Since you're going to be hanging these on people's doors, you'll need to add a ribbon as a handle. The first thing you have to do is reinforce the spots where the ribbon will come through the paper

Cut two 1 X 1 inch (2 1/2 X 2 1/2 cm) scraps of the brown paper and glue them on the sides of your cone about 2 inches (5 cm) from the top edge.

Reinforce where the ribbon will
come through by adding an
extra layer of brown paper.

Using scissors, carefully poke a hole in the center of each reinforced square. Since the angle will be a little tricky, you'll probably want to do this step yourself. 

Now cut a length of ribbon about 16 inches (40 cm) long. Poke the ribbon ends through the reinforced holes you made. Knot the ribbon so it holds securely.

You may need to knot the ribbon twice to be sure it won't pull through the holes.

Knot the ribbon at both ends.

Trim off any excess ribbon, and you're good to go.

#4: Paint final touches

This final decorating step should be done after the ribbon is added and all the other handling is done. That way, the paint won't get smudged. 

Using the white paint, touch the tip of a paintbrush to the brown paper just above the edge of the doily, creating a row of dots that follows the scalloped edge of the doily. This adds to the lacy look.

Painted white dots add
a fancy touch.

When you're done painting, set aside the basket to dry

It's time to venture out into spring with your kids to collect flowers!

#5: Go a-Maying!

Now comes the most beautiful part: gathering flowers and sharing spring with your community.

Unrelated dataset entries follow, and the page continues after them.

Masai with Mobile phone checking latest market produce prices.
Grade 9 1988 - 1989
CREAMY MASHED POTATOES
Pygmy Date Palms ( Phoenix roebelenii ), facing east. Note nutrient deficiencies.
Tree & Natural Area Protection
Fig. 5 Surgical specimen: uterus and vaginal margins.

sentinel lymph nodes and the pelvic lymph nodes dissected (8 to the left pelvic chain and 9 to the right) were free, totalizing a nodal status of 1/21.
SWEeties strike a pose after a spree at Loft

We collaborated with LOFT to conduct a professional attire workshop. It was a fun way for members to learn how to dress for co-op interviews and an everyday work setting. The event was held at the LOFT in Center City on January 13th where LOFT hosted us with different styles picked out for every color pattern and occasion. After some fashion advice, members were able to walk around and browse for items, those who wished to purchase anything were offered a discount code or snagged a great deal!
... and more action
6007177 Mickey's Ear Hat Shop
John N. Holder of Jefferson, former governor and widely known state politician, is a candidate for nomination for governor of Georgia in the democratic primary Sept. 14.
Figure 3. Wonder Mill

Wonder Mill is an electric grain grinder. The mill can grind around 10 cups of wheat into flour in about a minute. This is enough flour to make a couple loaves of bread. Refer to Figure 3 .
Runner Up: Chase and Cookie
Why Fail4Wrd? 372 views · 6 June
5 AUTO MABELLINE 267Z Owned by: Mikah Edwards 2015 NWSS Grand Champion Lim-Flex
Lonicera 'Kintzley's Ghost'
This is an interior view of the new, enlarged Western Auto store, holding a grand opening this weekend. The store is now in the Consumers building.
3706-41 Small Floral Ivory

Take a nature walk with your kids and gather flowers and other greens for your May baskets. Explain to your kids that they can only pick flowers from certain places...not from the neighbors' yards.

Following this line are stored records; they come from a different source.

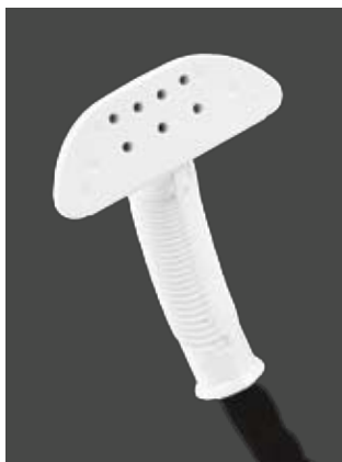
high-velocity steam jet T-nozzle

CAUTION: Hose will be hot when in use. Avoid prolonged contact.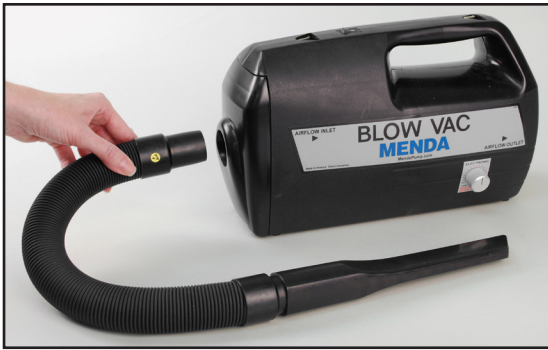
Figure 3: Connecting the hose to the airflow inlet.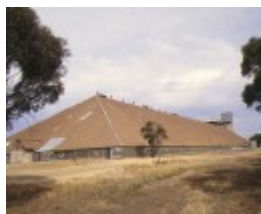
murtoa grain store wimmera hwy murtoa site view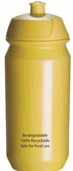
WB 002 Yellow - 500CC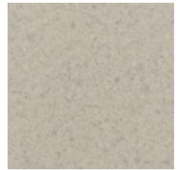
GREIGE - PET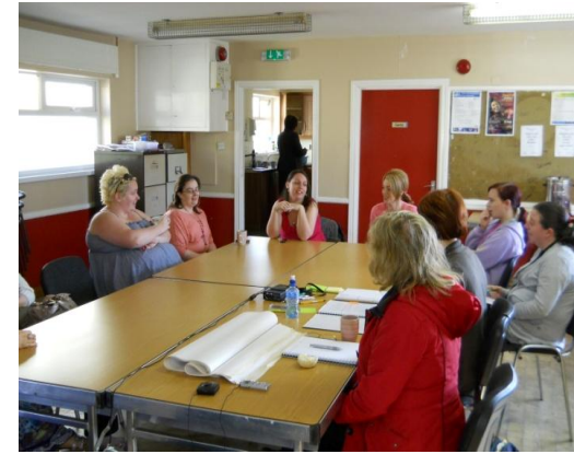
Parents Education Programme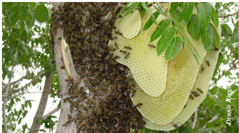
Figure 2. Wild honey bees with their hive in a tree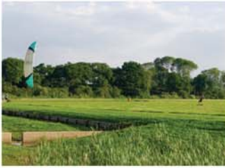
Open space with integrated SUDs, Upton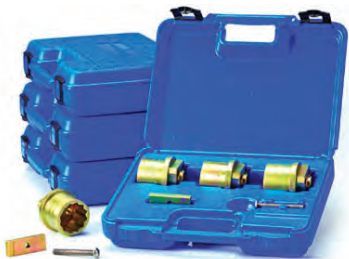
Valve Key Socket Set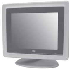
▲ Desktop stand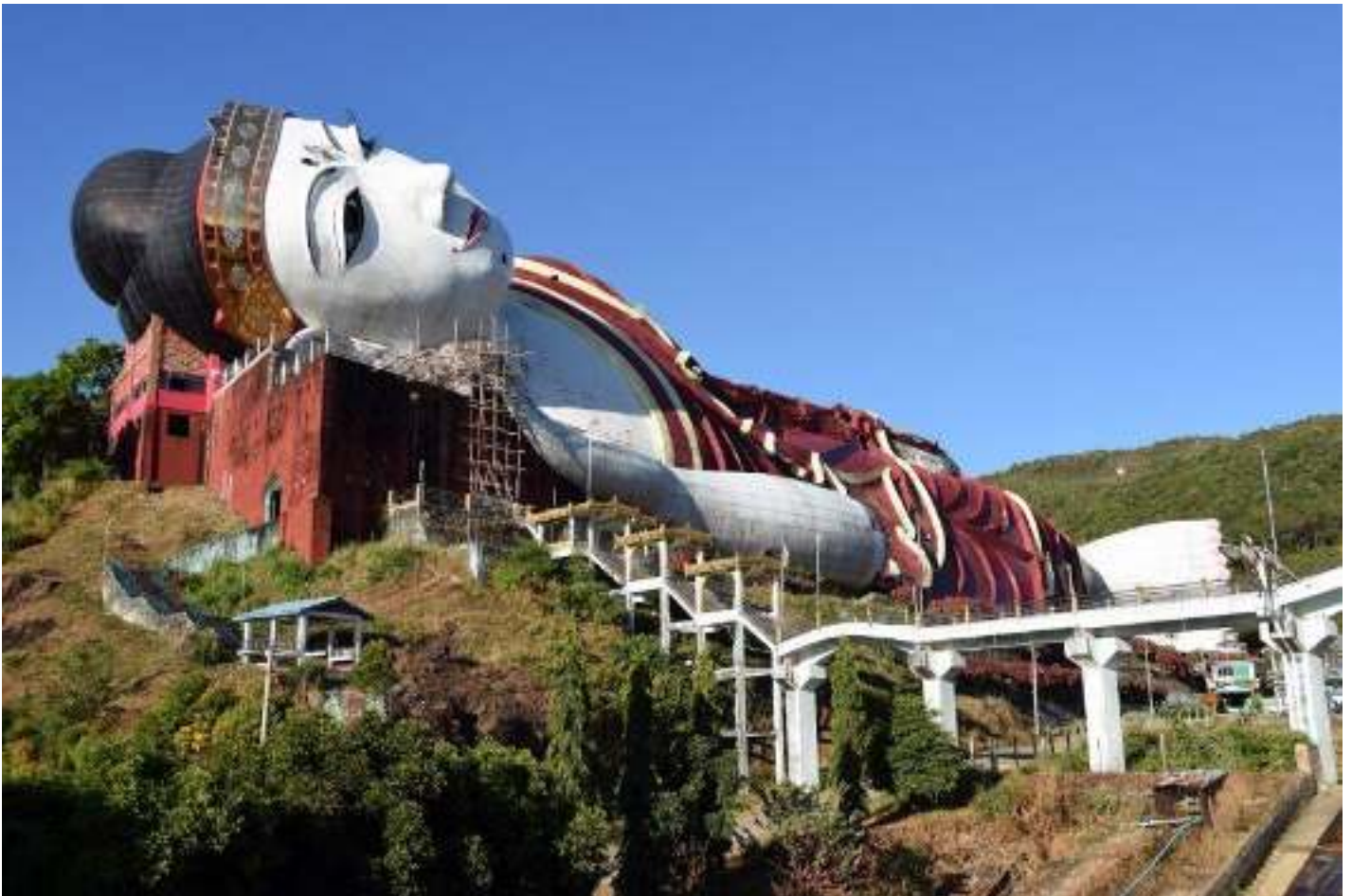
Reclining Buddha - Win Sein Taw Ya.

En route I saw more evidence that Religion can make one do crazy stuff! The approach to Win Sein Taw Ya is truly fascinating with hundreds of monk statues lining the road. The shadows are surreal, as is the uncompleted world's largest reclining Buddha despite ongoing construction over 17 years.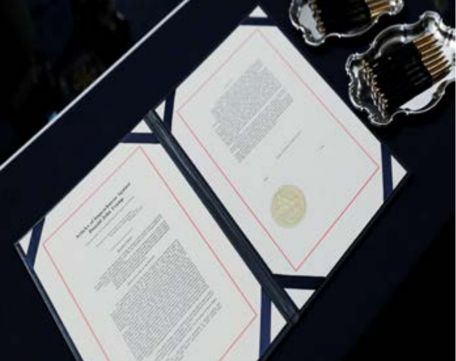
House articles of impeachment of President Trump await U.S. House Speaker Pelosi's signature before engrossment ceremony at the U.S. Capitol in Washington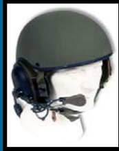
Combat Vehicle Crewman Helmet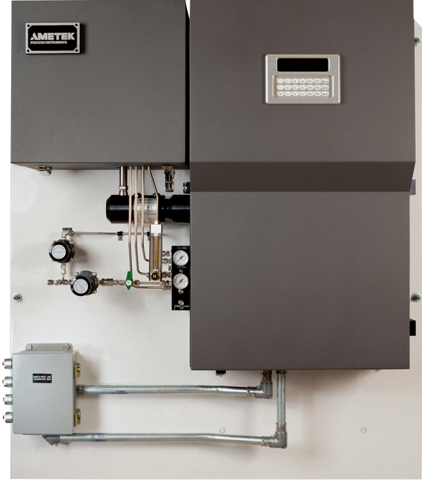
Model 900 Air Demand Analyzer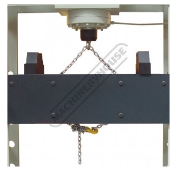
Table Height Adjustment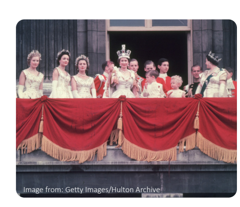
Queen Elizabeth II on her coronation.

A coronation is a ceremony where the crown is placed on the head of the new king or queen. Elizabeth II is the Queen of the United Kingdom. The coronation of Elizabeth II took place on 2nd June 1953 at Westminster Abbey, London. Many people celebrated the coronation by holding street parties.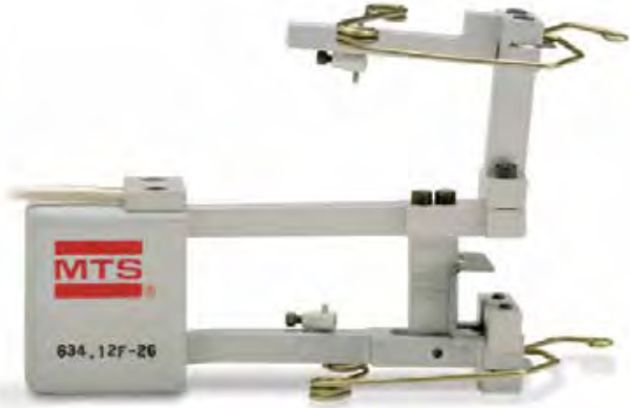
634.11F-24 (with extender)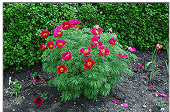
Fernleaf Peony in bloom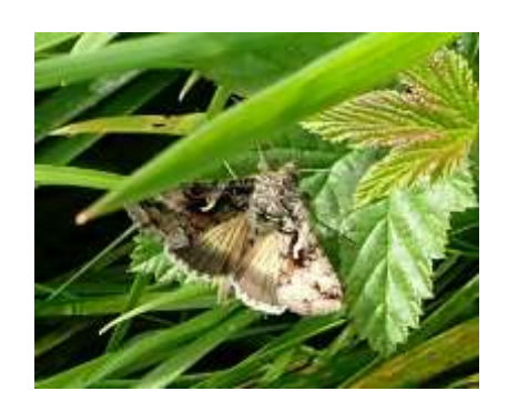
Silver Y moth

The grounds staff at Llwyngwair have been engaged in a battle with alien invaders (see below) tackling some invasive species which are less welcome here in the meadow. As a result, they mow the area several times a year. However, this has resulted in a low diversity of flora with dock, nettle, silverweed and bramble evident.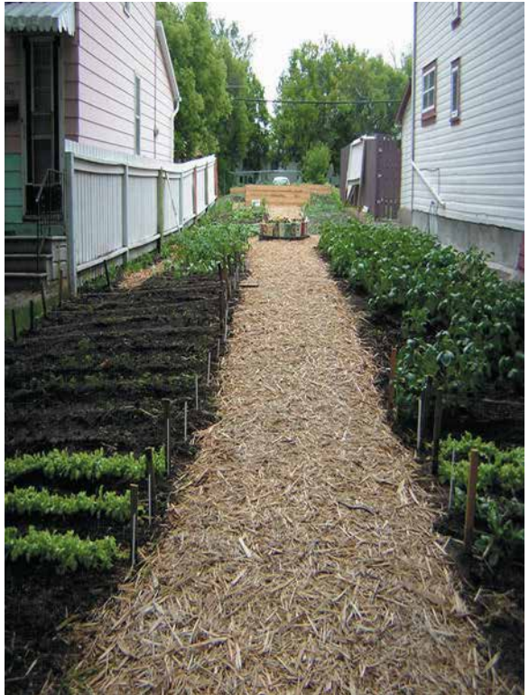
A Community Garden in a vacant North Central Regina lot. The Gardens received a City of Regina Crime Prevention Award.

Ecomuseum activities are aimed at culture in a broader sense – as the evolving set of artifacts, behaviours, values, and assumptions that affect the way people live – but they can be an effective way to facilitate the development of a cultural plan, or to bring an existing one to life. The vision, mission, and partnerships that make up an ecomuseum can provide valuable context and visibility as a culture plan is implemented.

Add greens to your bouquet
of flowers. They add texture
and interest, as well as more
options of what to gather on
your nature walk.

A nature walk is a really good way to help your kids connect with and celebrate spring, which is what May Day is all about.

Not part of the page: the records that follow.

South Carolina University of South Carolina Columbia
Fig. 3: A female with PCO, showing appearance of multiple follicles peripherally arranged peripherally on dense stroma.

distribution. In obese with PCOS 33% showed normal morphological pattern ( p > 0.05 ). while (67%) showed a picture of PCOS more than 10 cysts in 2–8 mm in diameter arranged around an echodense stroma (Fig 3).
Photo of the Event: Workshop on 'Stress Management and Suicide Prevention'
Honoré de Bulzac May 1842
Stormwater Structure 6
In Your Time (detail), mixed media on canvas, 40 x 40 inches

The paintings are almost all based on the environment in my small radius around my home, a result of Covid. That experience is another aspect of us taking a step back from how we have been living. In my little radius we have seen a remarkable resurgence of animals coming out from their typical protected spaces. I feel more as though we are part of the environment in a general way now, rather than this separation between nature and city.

This part of the activity is also a nice opportunity to make memories with your kids. Frolic right alongside them, whether it's down a jogging trail, through a park, in an open field, on a school playground--almost anywhere things are growing.

Note: If you live in the city or have limited space to pick flowers in your neighborhood, you can always go to a local farmers' market and buy flowers to put in your May baskets.

Here's a verse from an old folk song to keep you company while you frolic:

Summer is coming, oh, summer is near
With the leaves on the trees and the sky blue and clear
Small birds are singing their fond notes so true
And wild flowers are springing in the May morning dew...

--Verse from an old folk song, May Morning Dew

No matter how you choose to gather spring into your baskets, once you're done, you'll be ready to spread spring around your community!

Before you head out, here are a few tips to help keep this May Day adventure safe:
  • No strangers. Obviously, your kids should approach only the doors of the people they know.
  • Two is company. This is a family adventure, so be sure to go along with your kids as they go a-Maying. It's safer...and much more fun!
  • Front doors only.  It's customary to leave the May basket at the front door.
Now, Grab your baskets and go a-Maying with your kids!

Just sneak up to the person's door, hang the May basket on the knob...

Be really quiet when you
hang your May basket!

Ring the bell...

Then run lickety-split...

Have your hiding spot
picked out before you
ring the bell!

And hide!

Try not to make a sound!

You and your kids will want to watch from your hiding spot as the person opens the door and finds their surprise.

You better not get caught or you just might get a hug.

Happy May Day!

Some final thoughts...

Celebrating May Day will give your kids a glorious spring experience, which includes a craft, nature walk and outreach to family, friends and neighbors. 

Your kids will remember this holiday activity, not only for the blossoms on the outside, but also for the joy they'll discover blooming on the inside.

So what do you think? Did you ever celebrate May Day as a child? Or is this the first time you've heard about this custom of going a-Maying? I'd love to hear from you in the comments below. 

Happy Spring!

Joy--Fearless Farm Girl,

"Farm girl: it's a verb, because it's what you do."